For the first time Dr Moskowitz, long influential in Israel, has stepped out of the shadows, meeting with emissaries from Benjamin Netanyahu, the Israeli Prime Minister, looking for a way out of the crisis. Not surprisingly many Israelis asked why a retired doctor from Florida, using the immense profits of one of the world's biggest bingo parlours, should be determining their future.

It is not the first time that Dr Moskowitz has stoked the flames of conflict in Jerusalem. Last year he helped finance the opening of an extension to a tunnel running under the Muslim quarter in the Old City of Jerusalem. Within days fighting erupted between the Israeli army and Palestinians which left 65 Palestinians and 15 Israelis dead, while over 1,000 people were wounded.

Dr Moskowitz makes no secret of his immediate objective. It is to Judaize Jerusalem (though the city already contains 400,000 Jews and 170,000 Palestinians). His focus is on the Old City and its immediate neighbourhood. He says that he wants "to do everything I possibly can to help reclaim Jerusalem for the Jewish people".

He sees the Oslo accords between Israel and the Palestinians as "a slide towards concessions, surrender and Israeli suicide". Since 1993, through contributions to right-wing lobbying groups in the US and Mr Netanyahu's election campaign, he has done all he can to overturn them.
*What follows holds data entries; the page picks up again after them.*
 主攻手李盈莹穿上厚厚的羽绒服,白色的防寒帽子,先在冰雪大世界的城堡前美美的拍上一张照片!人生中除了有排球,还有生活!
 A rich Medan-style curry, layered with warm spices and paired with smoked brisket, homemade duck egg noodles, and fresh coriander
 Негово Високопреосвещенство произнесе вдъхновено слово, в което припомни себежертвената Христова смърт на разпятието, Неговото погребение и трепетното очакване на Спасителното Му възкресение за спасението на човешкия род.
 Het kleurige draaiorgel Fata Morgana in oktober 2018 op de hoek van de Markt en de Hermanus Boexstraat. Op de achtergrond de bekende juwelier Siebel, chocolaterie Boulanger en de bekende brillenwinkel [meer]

The source of Dr Moskowitz's original wealth lay in a string of private hospitals he began to acquire in southern California in the late 1950s. But the funds used to buy up houses in the Old City of Jerusalem have a more bizarre origin. In 1988 he was asked by the council of Hawaiian Gardens, the smallest city in Los Angeles County, to take over a "charity" bingo hall, whose previous owner was facing criminal charges. Dr Moskowitz turned the 800-seat bingo parlour round and by 1991 it was taking in $33m in profits. A significant proportion of this - through the Irving I Moskowitz Foundation - ended up in Jerusalem.

It was not merely that Dr Moskowitz was a rich man with a political agenda. His importance is that his money flowed to people of the deepest fanaticism, notably to Ateret Cohanim (Crown of the Priest), a group dedicated to taking over Jerusalem.
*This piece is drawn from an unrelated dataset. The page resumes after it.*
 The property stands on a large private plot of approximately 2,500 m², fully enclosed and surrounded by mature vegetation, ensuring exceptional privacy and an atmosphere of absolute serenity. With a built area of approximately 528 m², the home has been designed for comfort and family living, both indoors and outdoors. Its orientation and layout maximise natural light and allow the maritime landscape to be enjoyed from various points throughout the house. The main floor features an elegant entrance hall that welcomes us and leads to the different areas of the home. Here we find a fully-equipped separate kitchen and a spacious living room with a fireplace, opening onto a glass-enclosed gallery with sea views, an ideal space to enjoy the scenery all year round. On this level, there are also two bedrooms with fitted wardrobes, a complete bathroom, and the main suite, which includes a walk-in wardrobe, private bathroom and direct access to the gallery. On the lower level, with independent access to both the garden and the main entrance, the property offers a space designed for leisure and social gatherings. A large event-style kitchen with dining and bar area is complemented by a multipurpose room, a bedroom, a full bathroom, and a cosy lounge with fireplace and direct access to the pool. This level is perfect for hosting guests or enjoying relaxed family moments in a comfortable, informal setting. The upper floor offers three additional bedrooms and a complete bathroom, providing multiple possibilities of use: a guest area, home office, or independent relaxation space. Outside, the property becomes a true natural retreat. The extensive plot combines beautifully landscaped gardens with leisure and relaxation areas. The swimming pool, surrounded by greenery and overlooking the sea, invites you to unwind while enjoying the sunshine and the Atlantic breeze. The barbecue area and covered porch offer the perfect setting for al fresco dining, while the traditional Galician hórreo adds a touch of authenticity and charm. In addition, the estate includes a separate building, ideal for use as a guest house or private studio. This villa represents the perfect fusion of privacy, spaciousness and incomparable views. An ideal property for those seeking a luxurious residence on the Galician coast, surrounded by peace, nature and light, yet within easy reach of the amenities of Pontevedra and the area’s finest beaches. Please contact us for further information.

In the late 1980s and early 1990s Ateret Cohanim became a much feared name among Palestinians in the city. Its militants would suddenly swoop on their houses in the middle of the night and take them over. Palestinians maintained - and this was subsequently backed by a government report - that the legal basis for these takeovers was flimsy. But once blue-and- white Israeli flags had sprouted from a building it was difficult for a Palestinian to get the courts or the Israeli police to evict the occupiers.

The takeover of Palestinian property often appeared deliberately geared to provoke. Ariel Sharon, the Israeli general held responsible by Palestinians for the Sabra and Chatila massacres in Lebanon, suddenly acquired a house in the Old City in 1987. St John's Hospice in the Christian Quarter was occupied in 1990. Overall some 600 settlers were introduced in the teeth of Palestinian resistance.
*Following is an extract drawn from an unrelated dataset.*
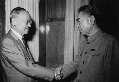 1973年5月13日晚,周恩来总理在人民大会堂会见赵元任夫妇,并进行亲切谈话。
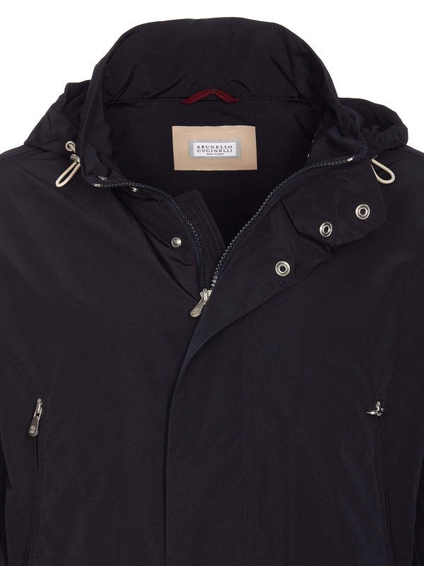 BRUNELLO CUCINELLI MEN'S NAVY HOODED JACKET WITH POCKETS

Dr Moskowitz defends himself against charges of ethnic cleansing by stealth. He says: "Objecting to Jews living among Arabs is racism of the worst kind." But the defence is naive. No sooner were settlers established in Ras al-Amoud this week than the soldiers who guard them starting making life unliveable for Palestinians in the street, who were repeatedly stopped, questioned and searched. Jubilant settlers celebrated their victory like a conquering army.

A "compromise", which was close yesterday, whereby the settler families will withdraw for the moment but be replaced with workmen renovating the building, is a victory for Dr Moskowitz. Such arrangements, aimed at deflecting international criticism have in the past always ended in settlers taking over buildings. If Mr Netanyahu prefers compromise with the extreme nationalist settlers before compromise with the Palestinians the result will be violence - but by then Dr Moskowitz may be on the flight back to Miami.